Aug 28, 2015 13:05 GMT  ·  By

Announced in March this year, Valve's VR headset developed in tandem with HTC has been delayed for the public for 2016, with only a very limited number of developers receiving the headset later this year.

Designed to go head-to-head with Oculus Rift, the HTC Vive has been chosen to represent Valve as the official headset of the company's virtual reality platform. The headset will be connected to the company's Steam VR base station which is basically a box that will run valve's VR software and will allow the user to be tracked within a 15-square-foot area, and not only being limited to head tracking like the conventional rival headsets.

HTC promises the new Vive headset will remove jitter and will achieve photorealistic imagery via two 1200 x 1080 displays that refresh at 90 frames per second. The displays will apparently cover a user's entire field of vision with 360-degree views, by offering them much bigger scale than what competitors, and especially Oculus Rift. The headset will come with a pair of HTC-made wireless controllers for manipulating objects or shooting weapons through hand tracking.

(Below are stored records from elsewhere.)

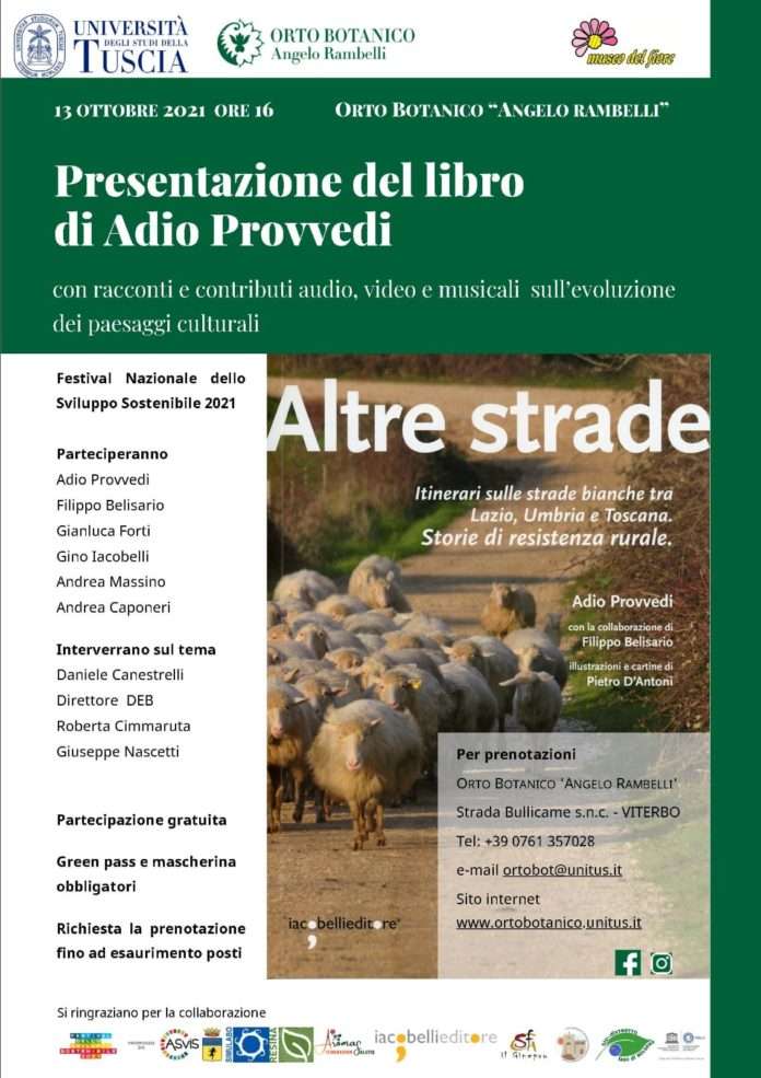 È in programma mercoledì 13 ottobre 2021 alle ore 16 a Viterbo, presso l’Orto Botanico “Angelo Rambelli” dell’Università della Tuscia (Strada Bullicame), la presentazione del libro “Altre strade. Itinerari sulle strade bianche tra Lazio, Umbria e Toscana, Storie di resistenza rurale” di Adio Provvedi, pubblicato da Iacobelli editore, realizzato con la collaborazione di Filippo Belisario e con illustrazioni e mappe di Pietro d’Antoni.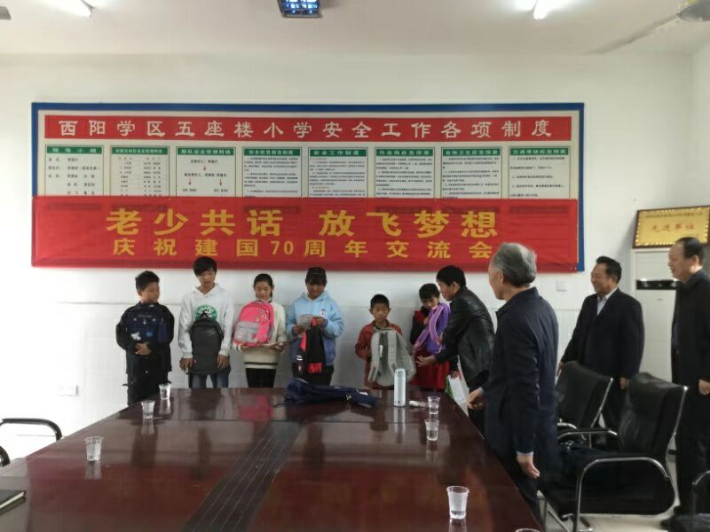 在新中国成立七十周年之际,10月24-25日,校关工委及离退休党总支第一党支部一行6人,在关工委副主任郝振中及秘书长时乾的带领下,赴涡阳县西阳镇王桥村五座楼小学开展扶贫爱心助教活动。
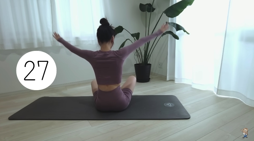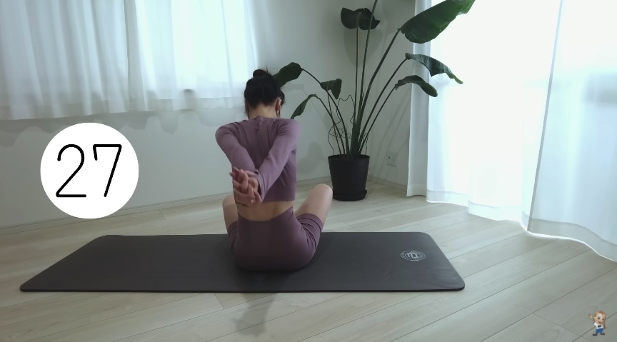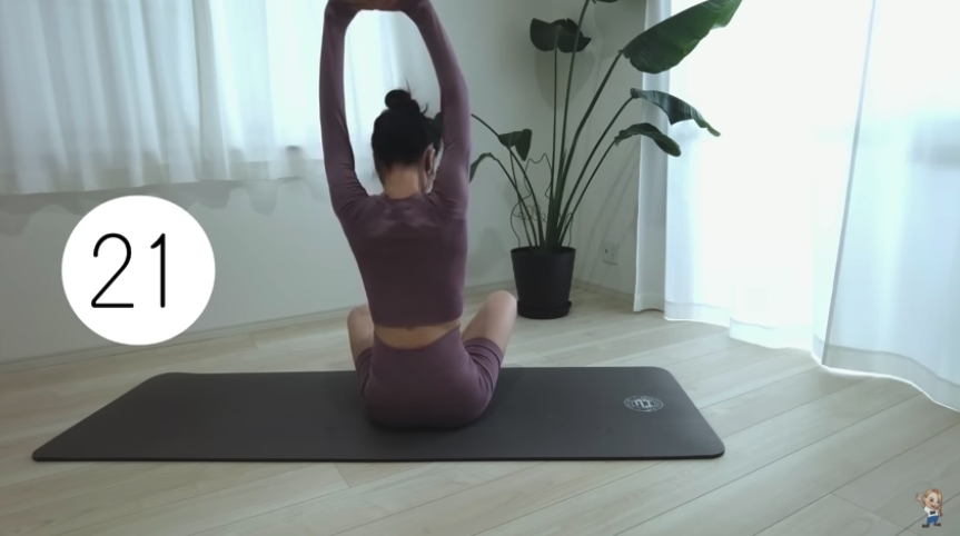 第一個動作先坐在瑜伽墊上,然後舉起雙手往後伸展,要盡量伸直雙手,維持30秒,動作可以刺激到肩胛骨肌肉,有效瘦背及手臂內側贅肉。

HTC Vive must survive the HTC crisis to finally be profitable to Valve

Although no official explanation on why this delay occurs has been given by Valve, it could be very much possible related to HTC's recent financial regression and its 15% of workforce layoffs in China. HTC did disclose the fact that it will begin a more serious reorientation towards its VR industry, wishing to invest more manpower and funds into its virtual reality department, firing 2,000 people from its total of 15,685 would clearly need some staff to be reorganized and some priorities set.

Apparently, Valve wants to use the technology brought by HTC in its Steam VR box and has already developers working with its Developer Edition SDK to employ it in games either owned by Valve or new indie games built especially for the Steam VR.